* [WORK ITEM]: Copy nothing but the lines below, from the one with "На протяжении всего" through the one with "ネピア 鼻セレブポケットティシュ24枚(12組)8個パック", exactly as written; no pictures should appear.

[PROVIDED MATERIAL Boundary: Start]

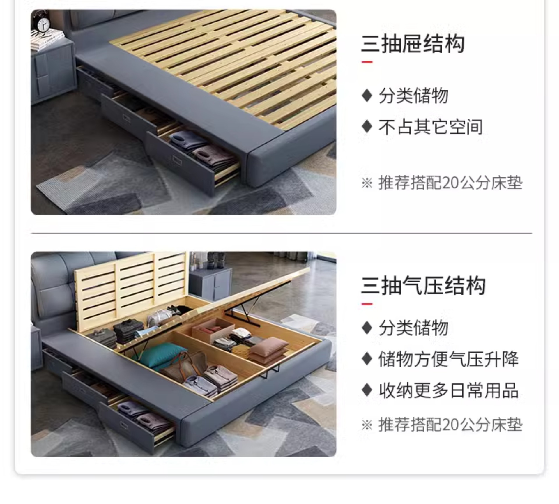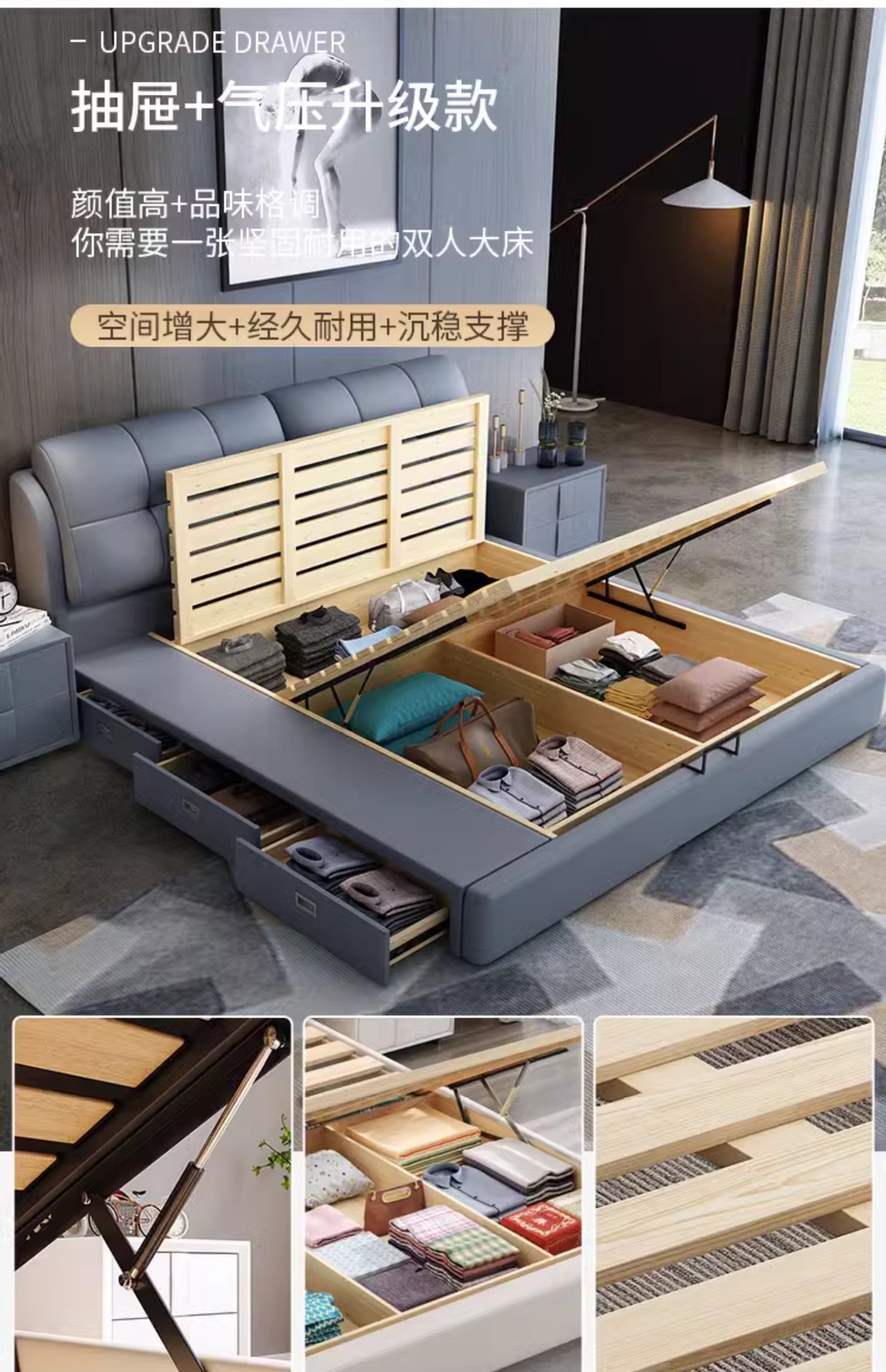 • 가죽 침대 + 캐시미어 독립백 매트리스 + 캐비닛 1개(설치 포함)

[PROVIDED MATERIAL Boundary: End]
[PROVIDED MATERIAL Boundary: Start]

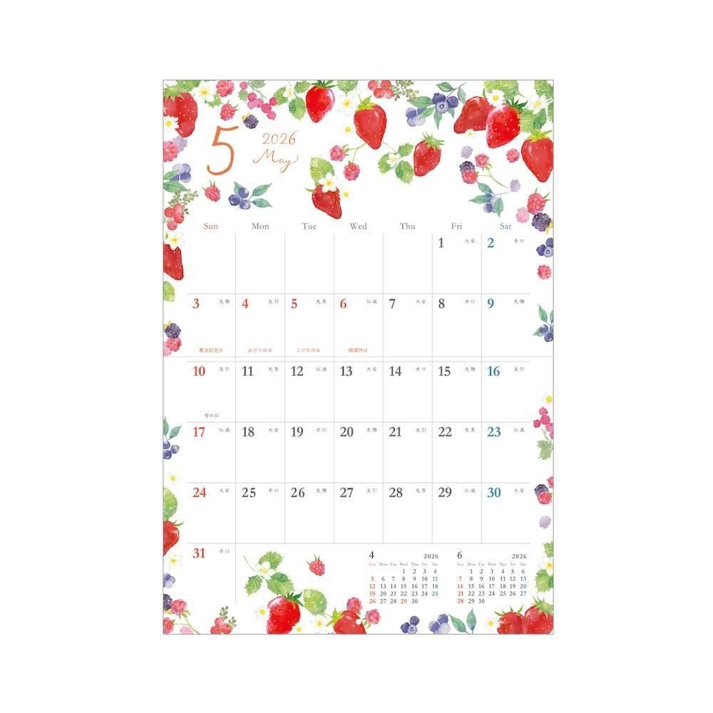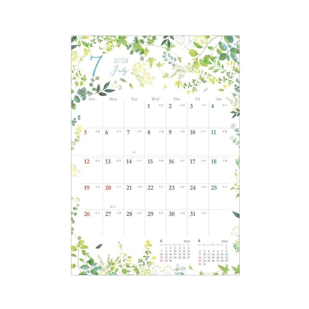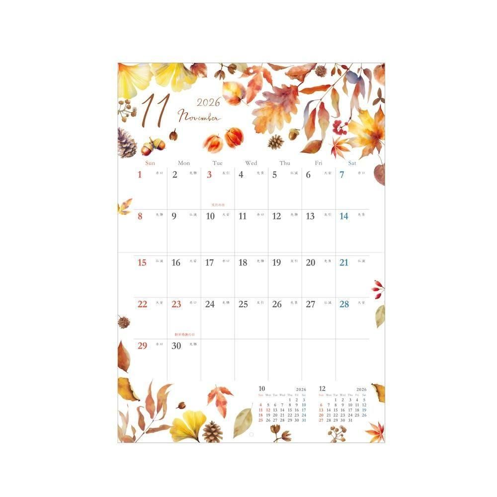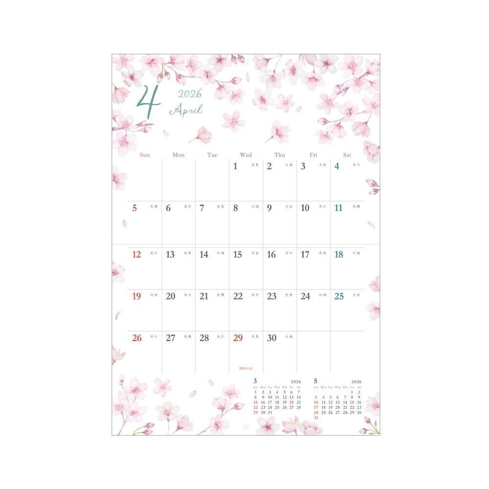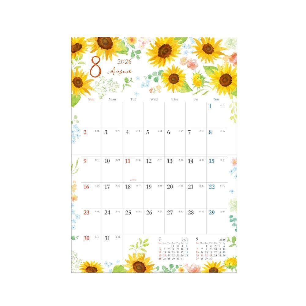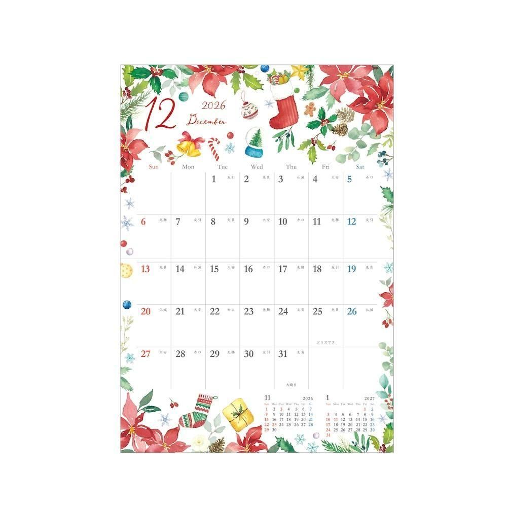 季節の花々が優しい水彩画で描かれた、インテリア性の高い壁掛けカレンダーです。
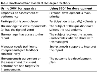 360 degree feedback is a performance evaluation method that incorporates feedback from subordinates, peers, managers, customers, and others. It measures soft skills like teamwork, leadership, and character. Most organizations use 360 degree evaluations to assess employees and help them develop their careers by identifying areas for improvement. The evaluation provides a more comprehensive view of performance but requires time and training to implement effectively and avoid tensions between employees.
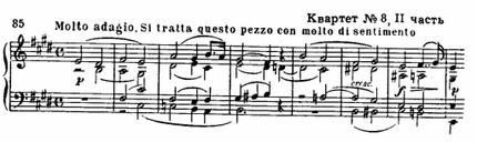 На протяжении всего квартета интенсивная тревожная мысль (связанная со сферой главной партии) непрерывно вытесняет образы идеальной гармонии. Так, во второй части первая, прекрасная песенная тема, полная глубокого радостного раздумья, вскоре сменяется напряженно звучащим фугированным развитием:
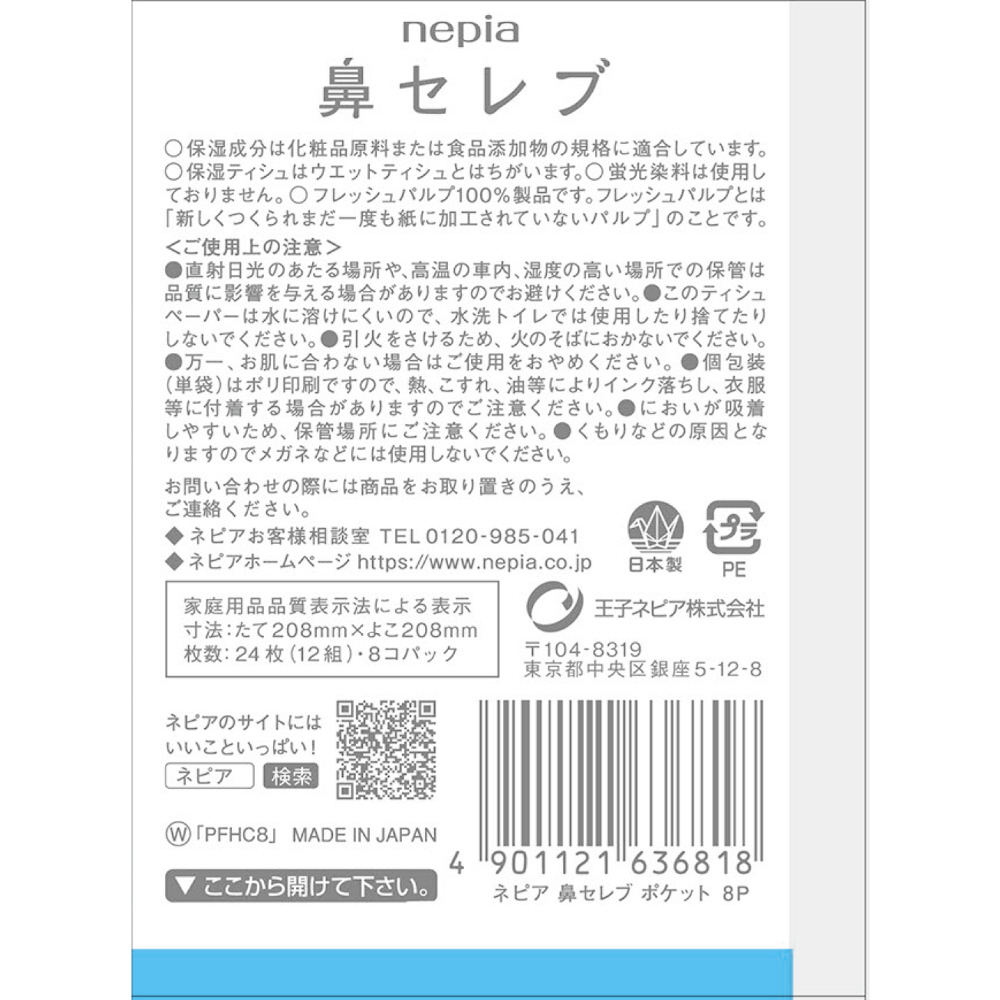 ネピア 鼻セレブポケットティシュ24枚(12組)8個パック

[PROVIDED MATERIAL Boundary: End]

* [EXERCISE RESPONSE]:
 На протяжении всего квартета интенсивная тревожная мысль (связанная со сферой главной партии) непрерывно вытесняет образы идеальной гармонии. Так, во второй части первая, прекрасная песенная тема, полная глубокого радостного раздумья, вскоре сменяется напряженно звучащим фугированным развитием:
 ネピア 鼻セレブポケットティシュ24枚(12組)8個パック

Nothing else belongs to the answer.